To check my method works and produces accurate results, I am going to do a pilot test, using the method stated. If my method is simple and produces accurate results, I will continue with the investigation. If not, I will alter my method and pilot test again until I am satisfied with my method and results.
Pilot Test Results
My results appear to be accurate as the oxygen released increases as the substrate is added. My method was simple to use and I found no fault with it, so I will continue with my investigation.
Obtaining Evidence
Investigation 1
Investigation 2
Investigation 3
Analysis
I have calculated the mean averages for each measurement over the 3 investigations and I have recorded them in the table below. I have plotted these averages on a graph on a separate sheet of graph paper.
Averages Table
My graph (see appendix) shows each curve to follow a pattern of a steep gradient at the beginning of the reaction, followed by a flatter slope as the reaction continues. One anomaly to this pattern is the 9cm3 result, as it has the steep gradient at the beginning, but this steepness continues, and does not flatten out as the other lines appear to do after a while. I think as my results all follow the same pattern, except the one curve, my results are accurate and reliable. I am not sure why this anomaly has occurred, but I think to improve my investigation, I could use more frequent concentration changes such as 2cm3 of hydrogen peroxide, 2.2cm3 of hydrogen peroxide, 2.4cm3 of hydrogen peroxide and so on. This would make the results a lot more reliable, and it would probably be easier to see a reason behind my anomalies as well.

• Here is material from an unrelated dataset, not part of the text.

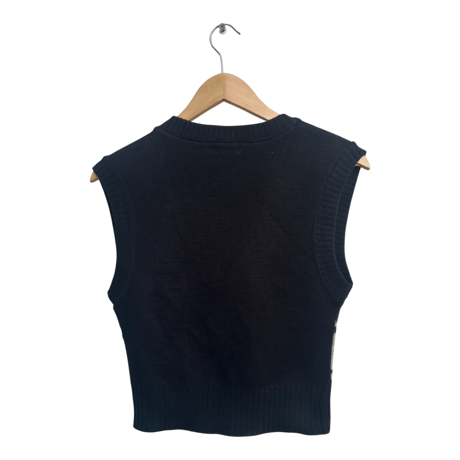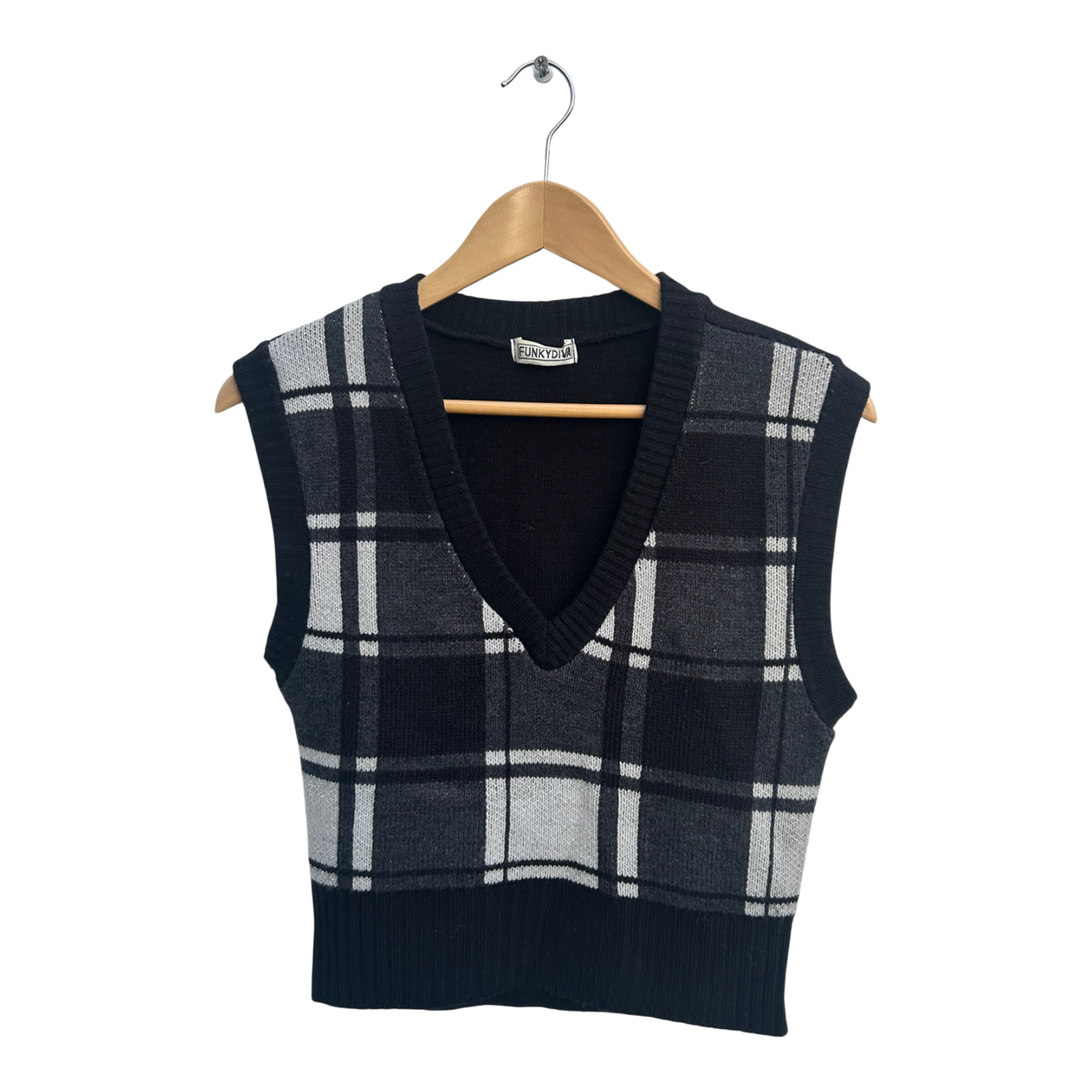 Stylischer Vintage-Pullunder von FUNKYDIVA in Größe M. Das Modell stammt aus den frühen 2000er-Jahren und zeigt den typischen Retro-Look dieser Zeit: markantes Karomuster in Schwarz und Grau, feine Glitzerfäden und ein tief geschnittener V-Ausschnitt.

My results fit my prediction, as the steeper the line, the faster the reaction is reacting, so as the lines get steeper as the concentration gets larger, the rate of reaction is getting faster as the concentration increases, so my prediction is correct.
Evaluation
If I was to repeat my investigation, I would take more accurate readings by using more frequent hydrogen peroxide concentration measurements as explained above. Also, using a bigger range of values, e.g. from 0.2cm3 of hydrogen peroxide and measuring every 0.2cm3 up to a higher value e.g. 20cm3 would give me a larger range of measurements to work with, and would ensure more accurate and reliable results. I think my method was reliable as my results, despite the one anomaly, supported my prediction, which was accurate due to my scientific knowledge of the collision theory.
Conclusion
The higher the concentration in a reaction, the faster the reaction rate.